Pictures stay out; everything else in the records below is to be repeated exactly.

DATASET CONTENT: Begin

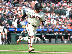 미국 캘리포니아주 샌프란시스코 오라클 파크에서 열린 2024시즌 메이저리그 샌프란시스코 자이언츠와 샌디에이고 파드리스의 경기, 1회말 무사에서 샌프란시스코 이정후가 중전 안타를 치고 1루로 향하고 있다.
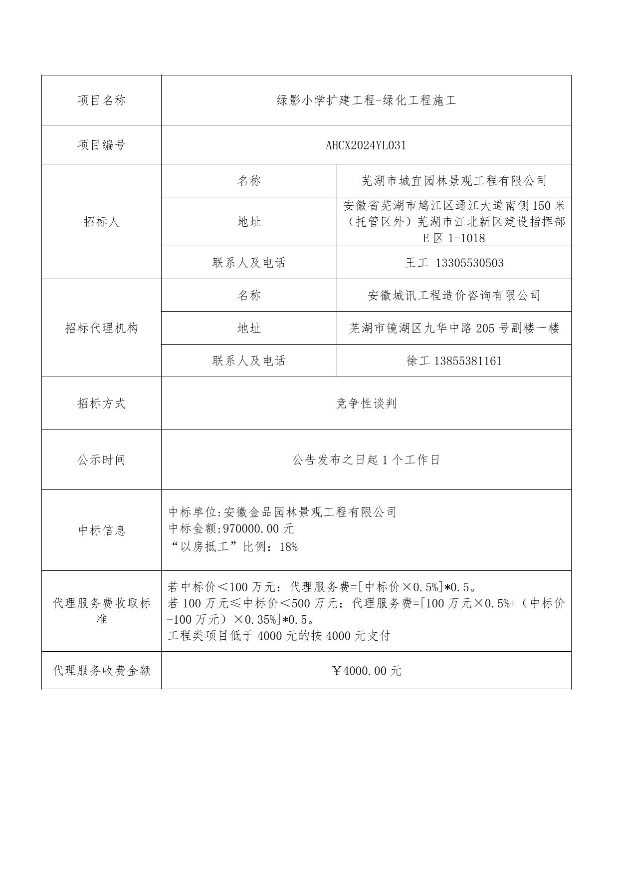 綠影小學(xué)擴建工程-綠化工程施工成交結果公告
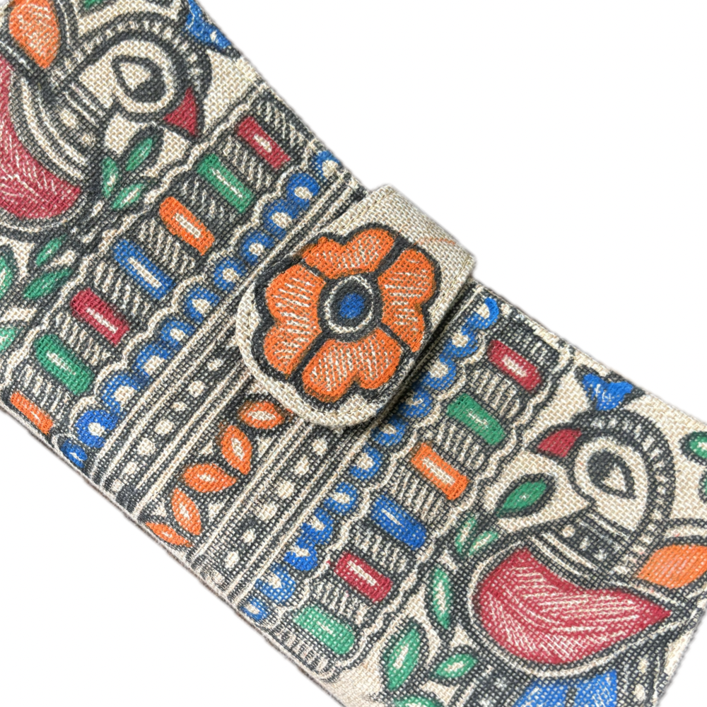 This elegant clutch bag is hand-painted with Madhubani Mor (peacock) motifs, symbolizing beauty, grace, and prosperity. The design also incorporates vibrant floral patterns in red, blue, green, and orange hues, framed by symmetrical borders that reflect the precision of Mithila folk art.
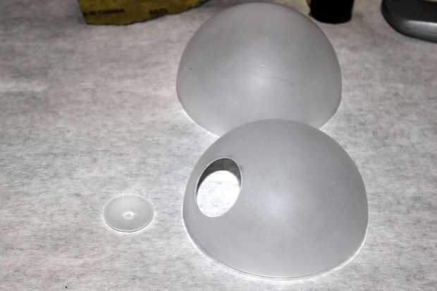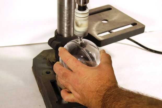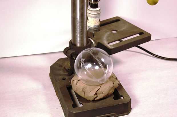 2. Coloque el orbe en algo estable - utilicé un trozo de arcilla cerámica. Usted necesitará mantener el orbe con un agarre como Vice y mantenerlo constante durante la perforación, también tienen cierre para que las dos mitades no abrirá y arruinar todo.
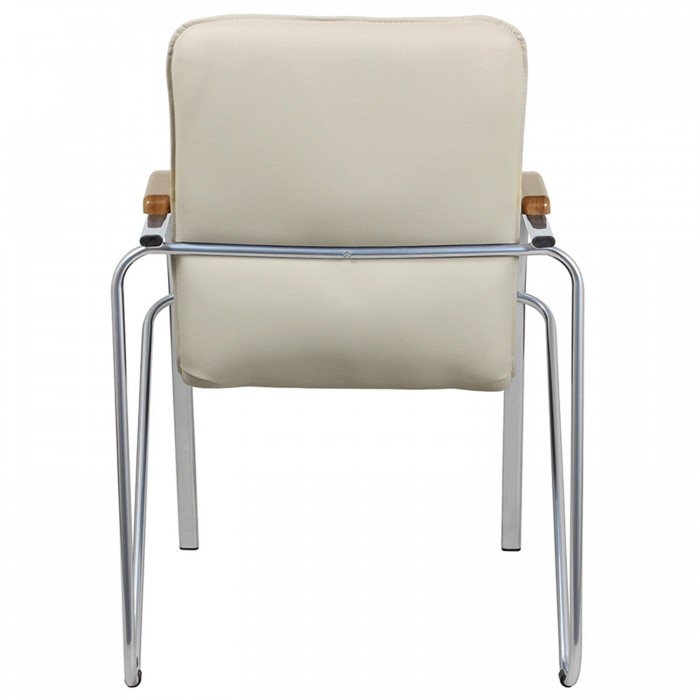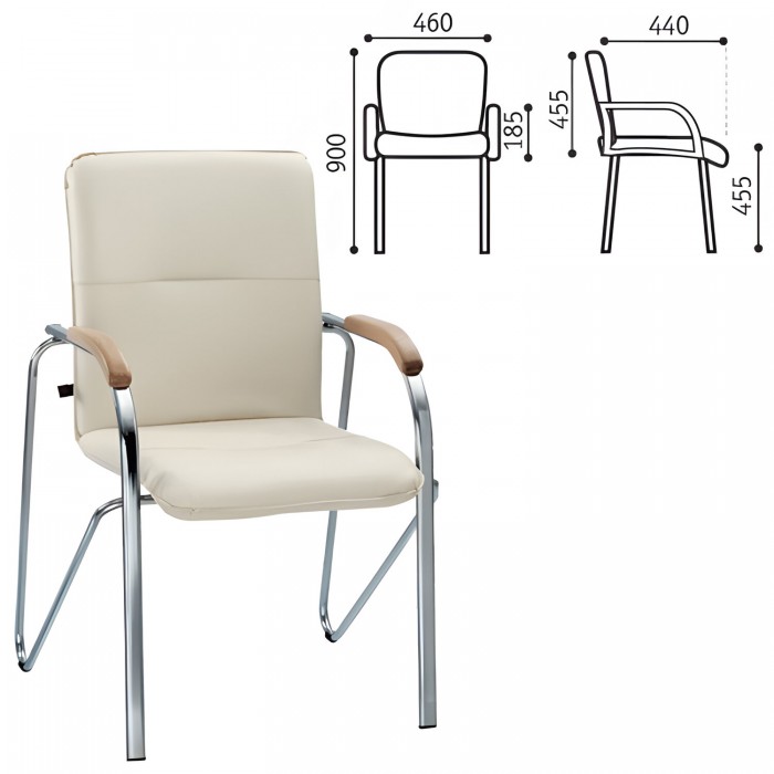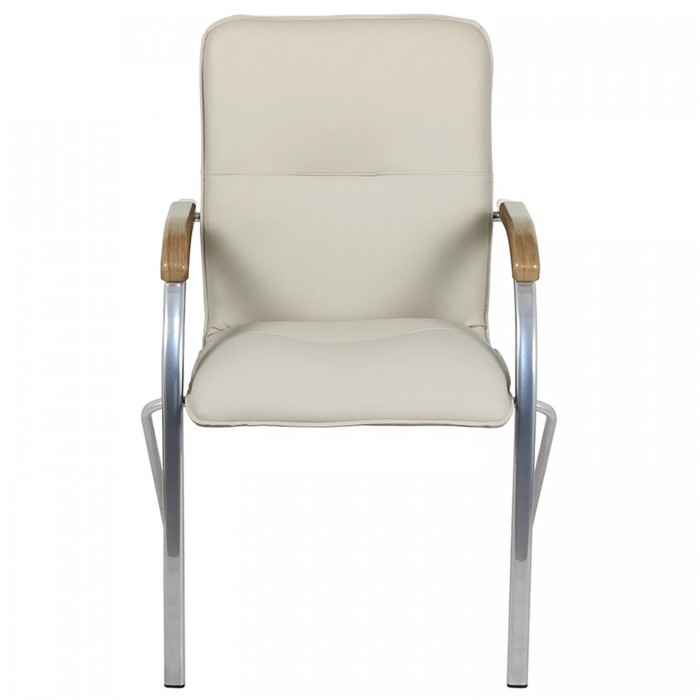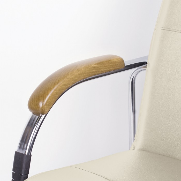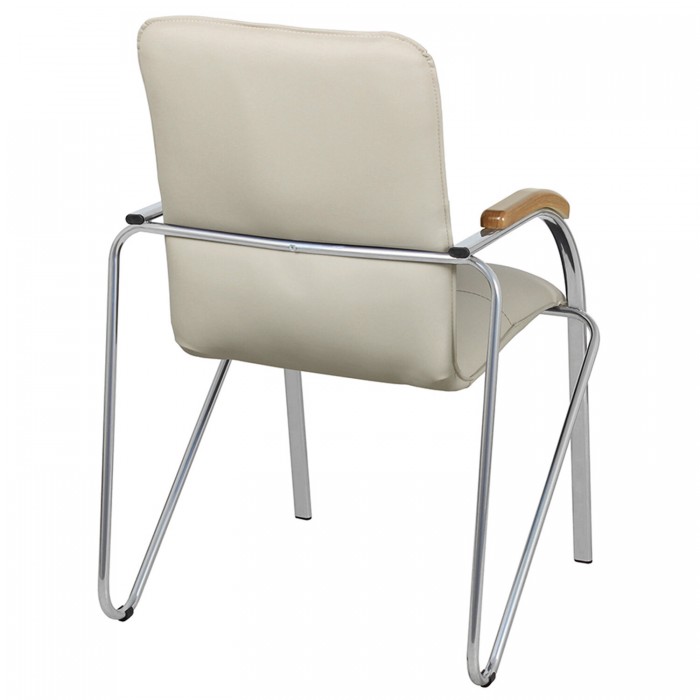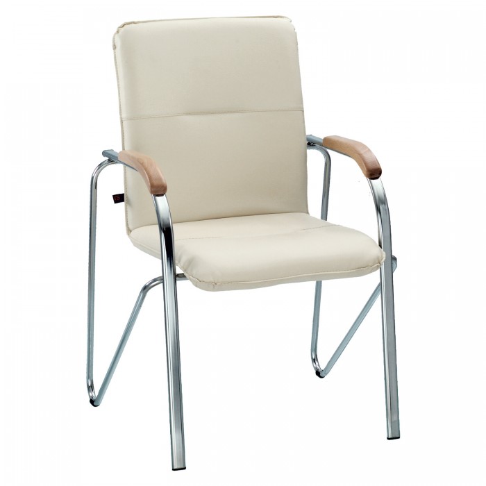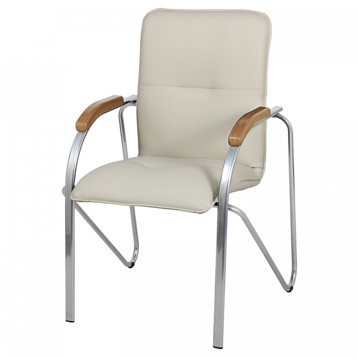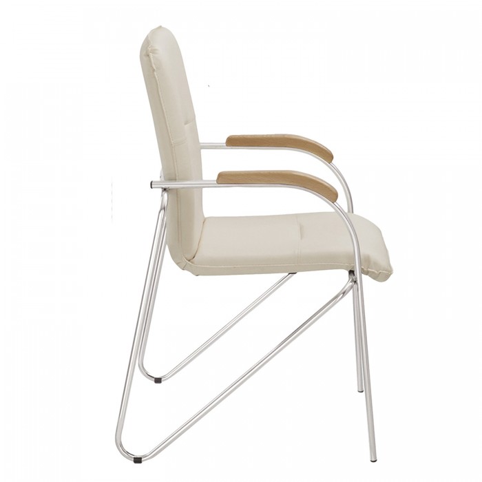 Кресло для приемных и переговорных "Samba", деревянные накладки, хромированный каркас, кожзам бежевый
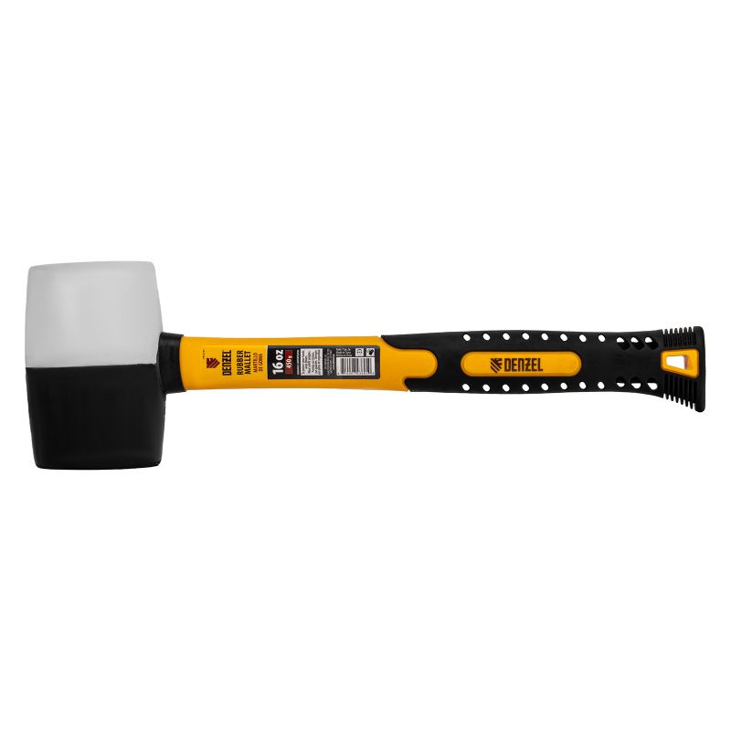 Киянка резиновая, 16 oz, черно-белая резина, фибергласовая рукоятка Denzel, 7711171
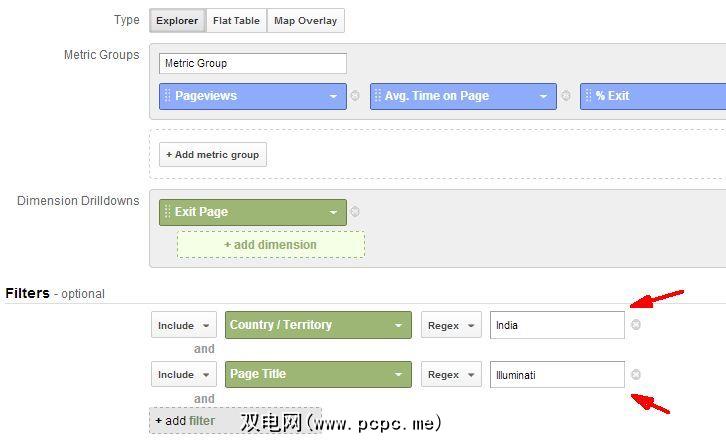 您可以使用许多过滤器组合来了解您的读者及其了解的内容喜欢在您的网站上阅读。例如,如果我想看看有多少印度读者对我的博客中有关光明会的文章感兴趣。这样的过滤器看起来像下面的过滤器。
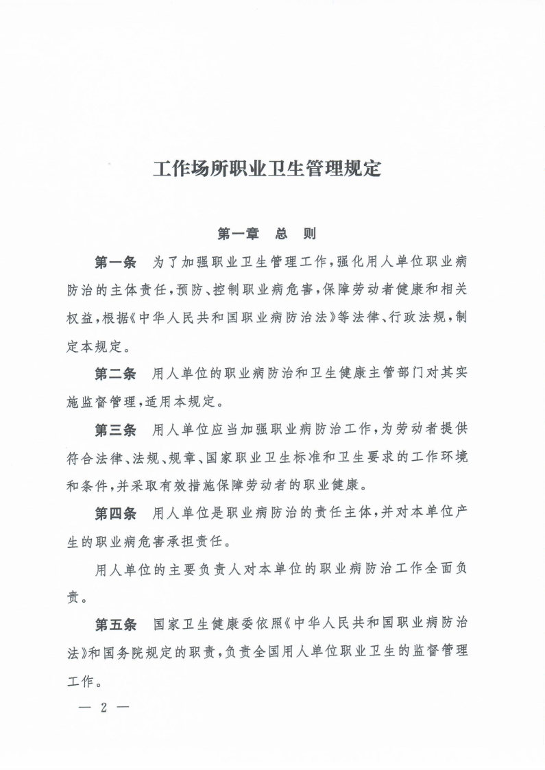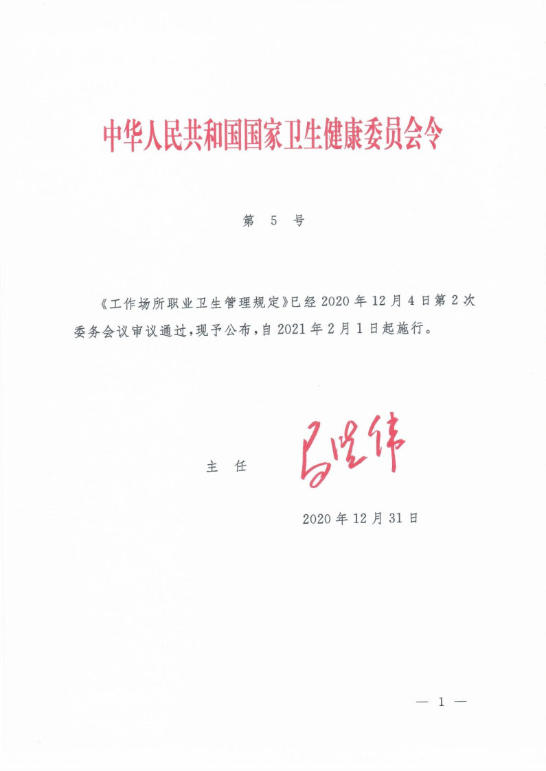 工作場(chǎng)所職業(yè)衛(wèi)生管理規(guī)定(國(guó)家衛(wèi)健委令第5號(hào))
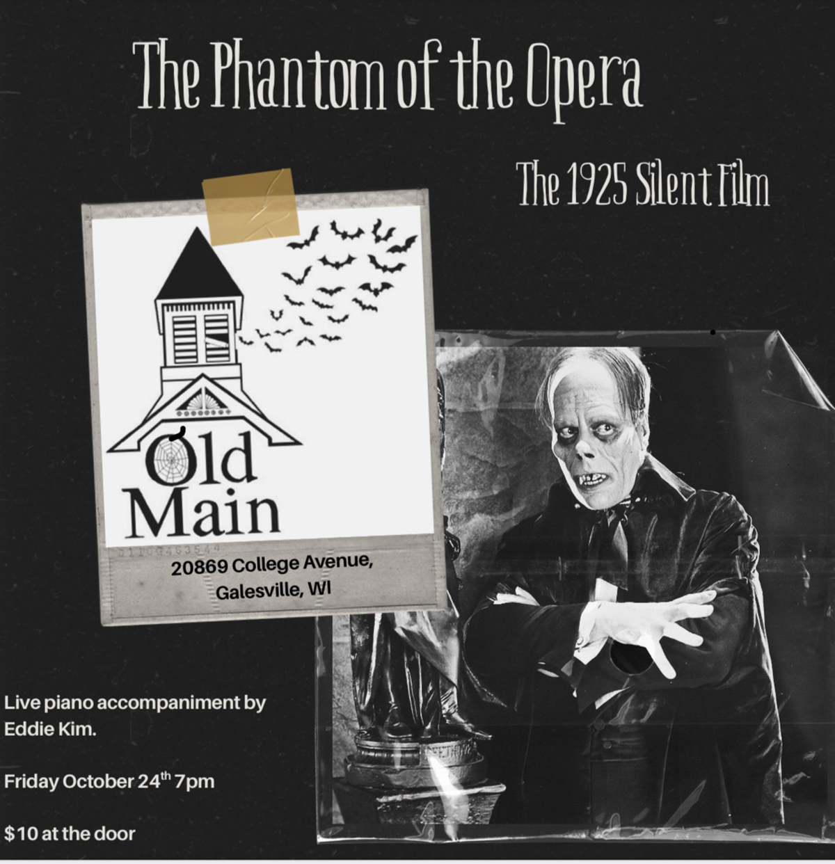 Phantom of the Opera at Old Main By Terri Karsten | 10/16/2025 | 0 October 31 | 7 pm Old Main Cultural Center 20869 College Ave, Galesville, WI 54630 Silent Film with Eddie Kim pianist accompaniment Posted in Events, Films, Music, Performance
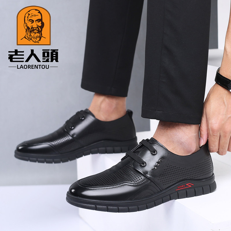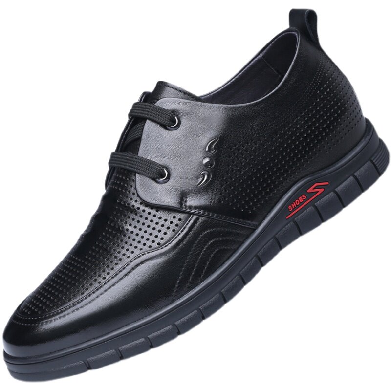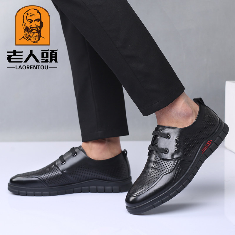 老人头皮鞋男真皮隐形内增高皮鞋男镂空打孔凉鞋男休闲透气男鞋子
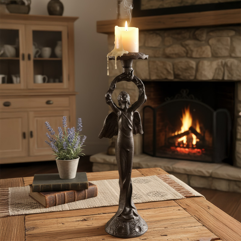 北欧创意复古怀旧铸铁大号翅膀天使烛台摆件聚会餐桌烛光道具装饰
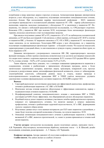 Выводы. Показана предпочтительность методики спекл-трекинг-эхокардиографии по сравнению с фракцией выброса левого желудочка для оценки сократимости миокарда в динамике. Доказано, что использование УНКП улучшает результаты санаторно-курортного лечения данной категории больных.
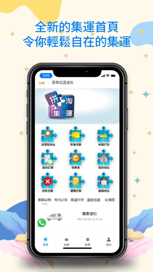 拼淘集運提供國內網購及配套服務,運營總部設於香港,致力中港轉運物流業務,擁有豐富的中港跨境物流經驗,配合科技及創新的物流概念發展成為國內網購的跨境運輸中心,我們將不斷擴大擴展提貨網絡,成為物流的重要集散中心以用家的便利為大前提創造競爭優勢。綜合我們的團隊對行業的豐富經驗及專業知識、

DATASET CONTENT: End

* **EXPECTED OUTPUT**
 미국 캘리포니아주 샌프란시스코 오라클 파크에서 열린 2024시즌 메이저리그 샌프란시스코 자이언츠와 샌디에이고 파드리스의 경기, 1회말 무사에서 샌프란시스코 이정후가 중전 안타를 치고 1루로 향하고 있다.
 綠影小學(xué)擴建工程-綠化工程施工成交結果公告
 This elegant clutch bag is hand-painted with Madhubani Mor (peacock) motifs, symbolizing beauty, grace, and prosperity. The design also incorporates vibrant floral patterns in red, blue, green, and orange hues, framed by symmetrical borders that reflect the precision of Mithila folk art.
 2. Coloque el orbe en algo estable - utilicé un trozo de arcilla cerámica. Usted necesitará mantener el orbe con un agarre como Vice y mantenerlo constante durante la perforación, también tienen cierre para que las dos mitades no abrirá y arruinar todo.
 Кресло для приемных и переговорных "Samba", деревянные накладки, хромированный каркас, кожзам бежевый
 Киянка резиновая, 16 oz, черно-белая резина, фибергласовая рукоятка Denzel, 7711171
 您可以使用许多过滤器组合来了解您的读者及其了解的内容喜欢在您的网站上阅读。例如,如果我想看看有多少印度读者对我的博客中有关光明会的文章感兴趣。这样的过滤器看起来像下面的过滤器。
 工作場(chǎng)所職業(yè)衛(wèi)生管理規(guī)定(國(guó)家衛(wèi)健委令第5號(hào))
 Phantom of the Opera at Old Main By Terri Karsten | 10/16/2025 | 0 October 31 | 7 pm Old Main Cultural Center 20869 College Ave, Galesville, WI 54630 Silent Film with Eddie Kim pianist accompaniment Posted in Events, Films, Music, Performance
 老人头皮鞋男真皮隐形内增高皮鞋男镂空打孔凉鞋男休闲透气男鞋子
 北欧创意复古怀旧铸铁大号翅膀天使烛台摆件聚会餐桌烛光道具装饰
 Выводы. Показана предпочтительность методики спекл-трекинг-эхокардиографии по сравнению с фракцией выброса левого желудочка для оценки сократимости миокарда в динамике. Доказано, что использование УНКП улучшает результаты санаторно-курортного лечения данной категории больных.
 拼淘集運提供國內網購及配套服務,運營總部設於香港,致力中港轉運物流業務,擁有豐富的中港跨境物流經驗,配合科技及創新的物流概念發展成為國內網購的跨境運輸中心,我們將不斷擴大擴展提貨網絡,成為物流的重要集散中心以用家的便利為大前提創造競爭優勢。綜合我們的團隊對行業的豐富經驗及專業知識、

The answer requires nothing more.